Please print nothing but the lines from the one containing "시즈오카 이사이의 정어리로" to the final line below, exactly, and no pictures.

*** Raw data Section Begins ***

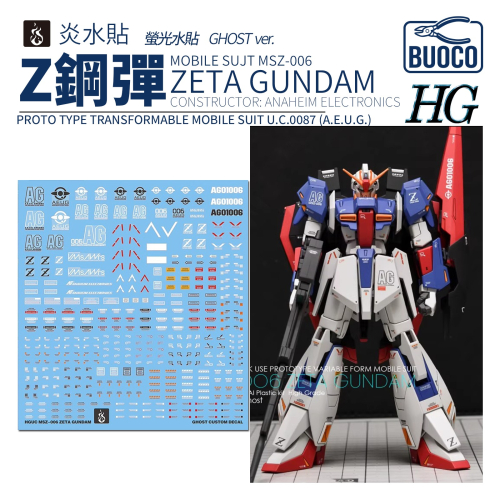 [BUOCO] 炎水貼 HG GHOST 1/144 Z鋼彈 Zeta Gundam MSZ-006 幽谷 螢光 水貼
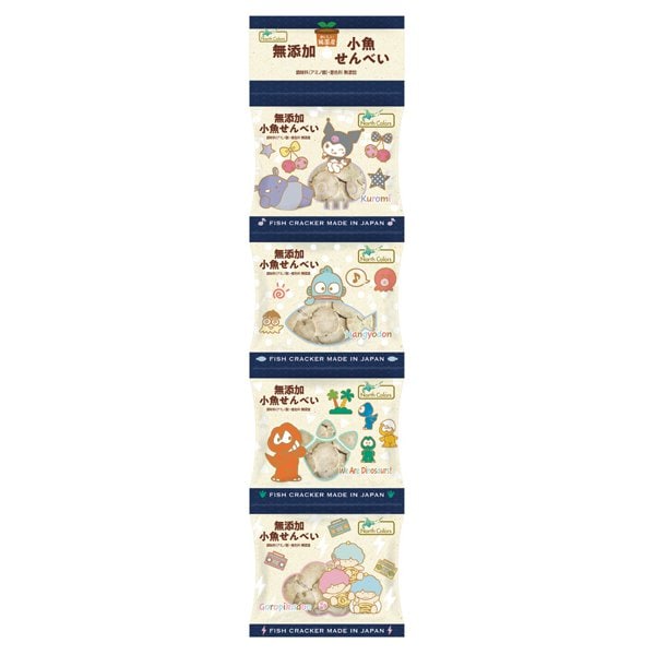 시즈오카 이사이의 정어리로 만든, 국산 이와시의 구운 것, 끓인 말린 분말을 사치스럽게 사용해, 홋카이도산 감자 전분을 베이스로 해, 센베이를 만들었습니다: 분리할 수 있는 4연 타입으로, “2023년 산리오 캐릭터 대상 '제1위 시나모롤을 비롯해 크로미, 포차코, 마이멜로디, 헬로키티 등 인기 캐릭터를 패키지로 채용하고 있다. 또, 패티&지미나 골로 피카돈 등 그리운 캐릭터도 등장해, 뒷면에는 캐릭터에 얽힌 퀴즈도 있습니다.
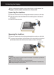 Connecting the Display Bottom PC AUDIO Headphone/Earphone Input Automatically mutes the speaker volume when the headphones are plugged in. Audio Input Connects to the *LINE OUT jack of the PC sound card. Speaker Out *Line Out *LINE OUT A terminal used to connect to the speaker including a built-in amplifier (Amp). Make sure that the connecting terminal of the PC sound card is checked before connecting. If the Audio Out of PC sound card has only Speaker Out, reduce the PC volume.
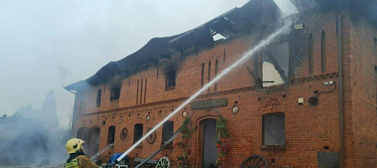 Пожар на территории замка Шаакен в Гурьевском районе произошёл 11 июля прошлого года. Загорелась кровля кафе, никто не пострадал, но зданию потребовался серьёзный ремонт.

*** Raw data Section Ends ***

> Finished exercise
 시즈오카 이사이의 정어리로 만든, 국산 이와시의 구운 것, 끓인 말린 분말을 사치스럽게 사용해, 홋카이도산 감자 전분을 베이스로 해, 센베이를 만들었습니다: 분리할 수 있는 4연 타입으로, “2023년 산리오 캐릭터 대상 '제1위 시나모롤을 비롯해 크로미, 포차코, 마이멜로디, 헬로키티 등 인기 캐릭터를 패키지로 채용하고 있다. 또, 패티&지미나 골로 피카돈 등 그리운 캐릭터도 등장해, 뒷면에는 캐릭터에 얽힌 퀴즈도 있습니다.
 Connecting the Display Bottom PC AUDIO Headphone/Earphone Input Automatically mutes the speaker volume when the headphones are plugged in. Audio Input Connects to the *LINE OUT jack of the PC sound card. Speaker Out *Line Out *LINE OUT A terminal used to connect to the speaker including a built-in amplifier (Amp). Make sure that the connecting terminal of the PC sound card is checked before connecting. If the Audio Out of PC sound card has only Speaker Out, reduce the PC volume.
 Пожар на территории замка Шаакен в Гурьевском районе произошёл 11 июля прошлого года. Загорелась кровля кафе, никто не пострадал, но зданию потребовался серьёзный ремонт.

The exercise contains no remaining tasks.